WORK REQUIRED> The data below holds a line containing "The Perth Mint" and a line containing "便捷性:流量商店通过虚拟SI"; please quote exactly those two lines and every line between them, and nothing else.

DATA SUPPLIED>
###

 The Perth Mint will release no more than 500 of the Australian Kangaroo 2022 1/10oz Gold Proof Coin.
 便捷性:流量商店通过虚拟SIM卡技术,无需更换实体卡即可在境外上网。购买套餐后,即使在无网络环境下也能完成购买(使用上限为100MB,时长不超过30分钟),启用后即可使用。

###

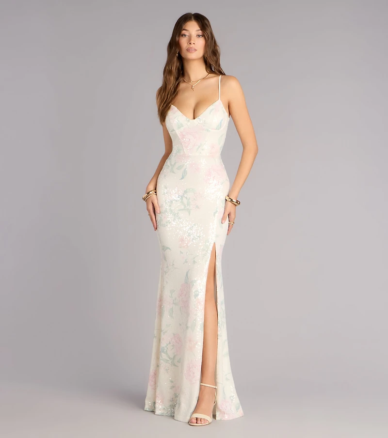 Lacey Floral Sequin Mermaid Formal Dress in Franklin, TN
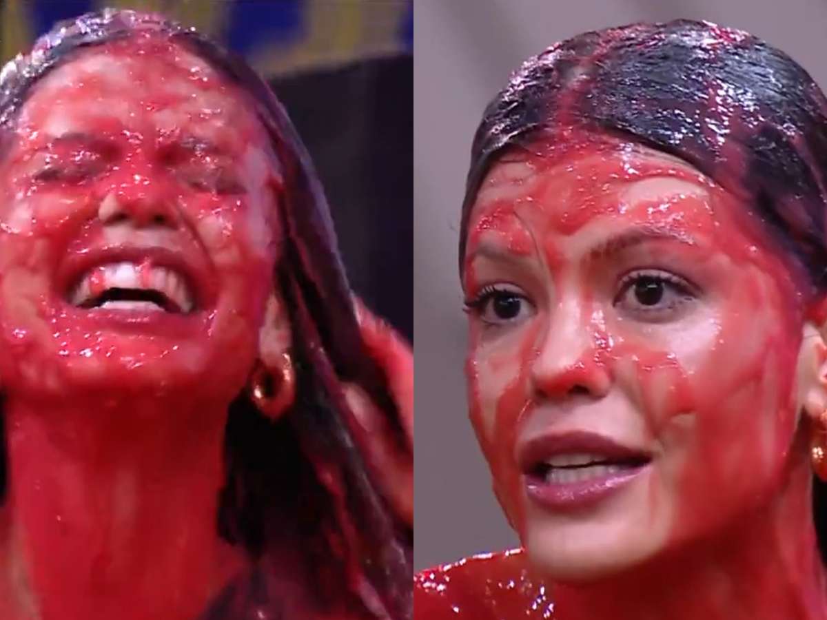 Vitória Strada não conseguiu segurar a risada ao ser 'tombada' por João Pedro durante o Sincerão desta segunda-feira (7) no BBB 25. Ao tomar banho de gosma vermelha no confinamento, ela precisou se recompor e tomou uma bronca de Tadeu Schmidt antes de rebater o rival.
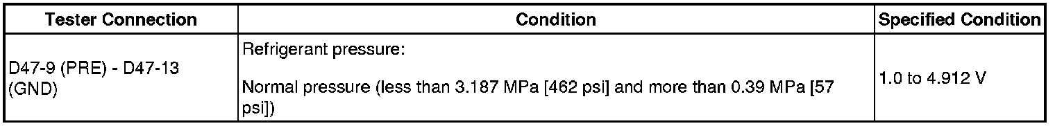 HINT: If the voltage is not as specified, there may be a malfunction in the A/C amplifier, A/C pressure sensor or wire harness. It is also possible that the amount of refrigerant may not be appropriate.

###

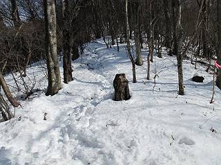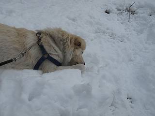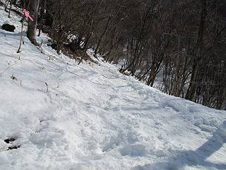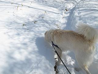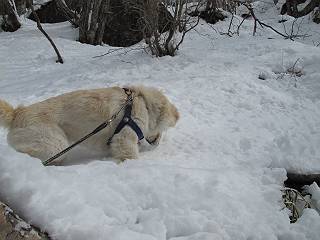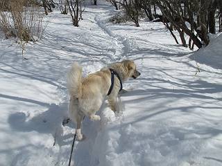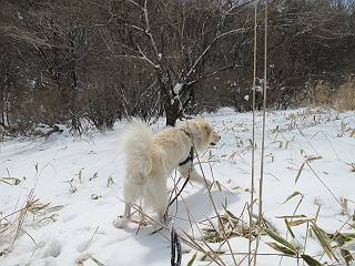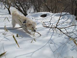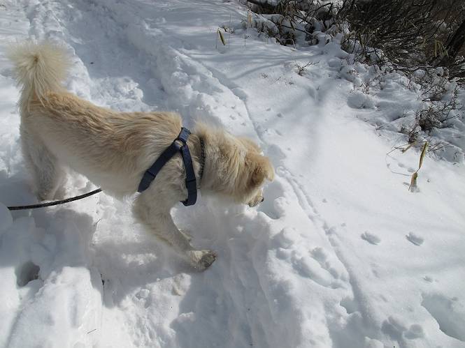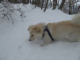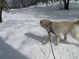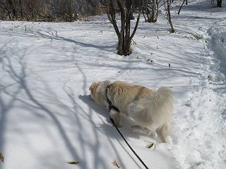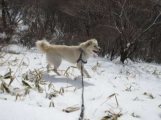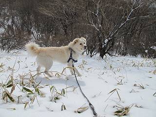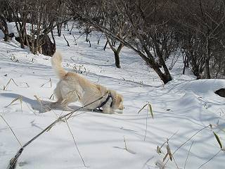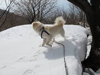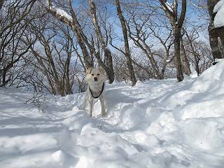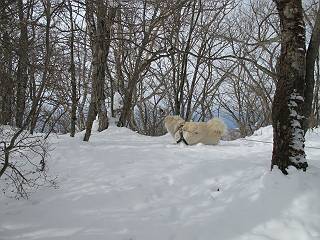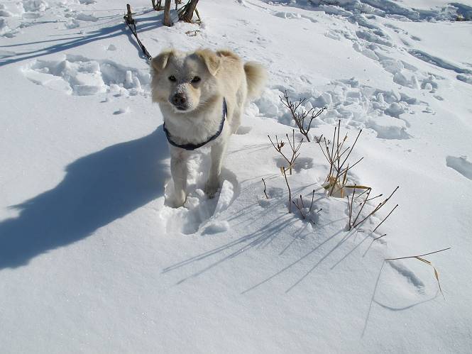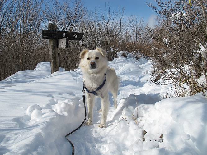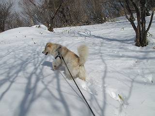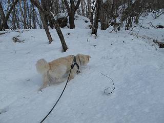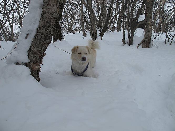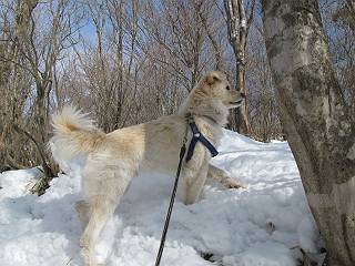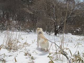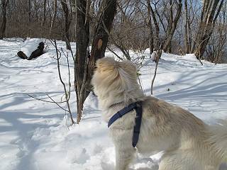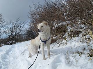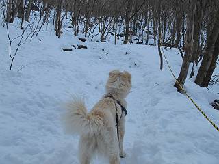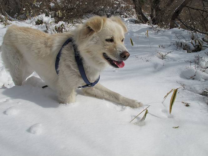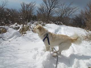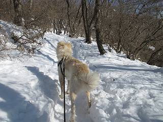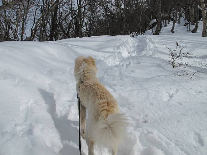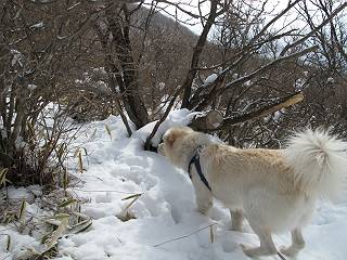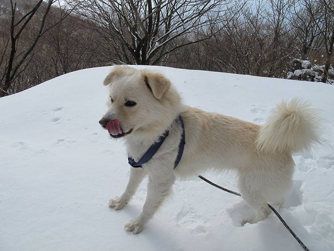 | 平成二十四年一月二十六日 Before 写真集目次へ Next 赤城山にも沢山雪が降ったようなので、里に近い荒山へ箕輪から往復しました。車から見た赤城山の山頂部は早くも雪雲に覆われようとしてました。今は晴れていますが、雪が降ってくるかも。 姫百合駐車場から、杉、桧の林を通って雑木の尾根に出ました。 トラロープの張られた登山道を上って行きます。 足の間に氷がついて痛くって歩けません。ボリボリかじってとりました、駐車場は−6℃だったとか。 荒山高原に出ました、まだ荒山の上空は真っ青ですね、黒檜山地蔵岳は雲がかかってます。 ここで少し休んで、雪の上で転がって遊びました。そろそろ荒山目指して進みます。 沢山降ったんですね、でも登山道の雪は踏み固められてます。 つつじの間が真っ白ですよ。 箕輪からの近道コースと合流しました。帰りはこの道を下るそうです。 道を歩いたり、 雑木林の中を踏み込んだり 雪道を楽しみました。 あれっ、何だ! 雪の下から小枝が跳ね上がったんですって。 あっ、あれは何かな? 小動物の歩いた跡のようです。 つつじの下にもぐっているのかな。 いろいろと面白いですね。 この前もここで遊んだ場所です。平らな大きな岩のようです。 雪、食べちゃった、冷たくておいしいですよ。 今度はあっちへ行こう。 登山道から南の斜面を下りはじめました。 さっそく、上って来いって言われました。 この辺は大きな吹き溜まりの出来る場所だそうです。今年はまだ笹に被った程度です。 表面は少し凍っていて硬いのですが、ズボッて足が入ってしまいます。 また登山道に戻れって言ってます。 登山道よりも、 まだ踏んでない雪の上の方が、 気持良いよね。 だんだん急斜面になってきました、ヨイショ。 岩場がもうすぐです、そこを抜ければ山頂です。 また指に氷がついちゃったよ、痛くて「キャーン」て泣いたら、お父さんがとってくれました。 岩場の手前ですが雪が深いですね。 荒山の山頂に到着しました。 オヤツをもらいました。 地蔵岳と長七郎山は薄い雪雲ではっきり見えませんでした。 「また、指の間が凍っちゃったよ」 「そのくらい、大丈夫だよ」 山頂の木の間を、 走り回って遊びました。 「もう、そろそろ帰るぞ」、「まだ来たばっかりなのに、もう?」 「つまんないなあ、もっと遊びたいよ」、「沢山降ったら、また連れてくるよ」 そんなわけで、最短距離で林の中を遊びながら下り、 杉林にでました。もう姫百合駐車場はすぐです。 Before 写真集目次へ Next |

###

EXPECTED OUTPUT>
 The Perth Mint will release no more than 500 of the Australian Kangaroo 2022 1/10oz Gold Proof Coin.
 便捷性:流量商店通过虚拟SIM卡技术,无需更换实体卡即可在境外上网。购买套餐后,即使在无网络环境下也能完成购买(使用上限为100MB,时长不超过30分钟),启用后即可使用。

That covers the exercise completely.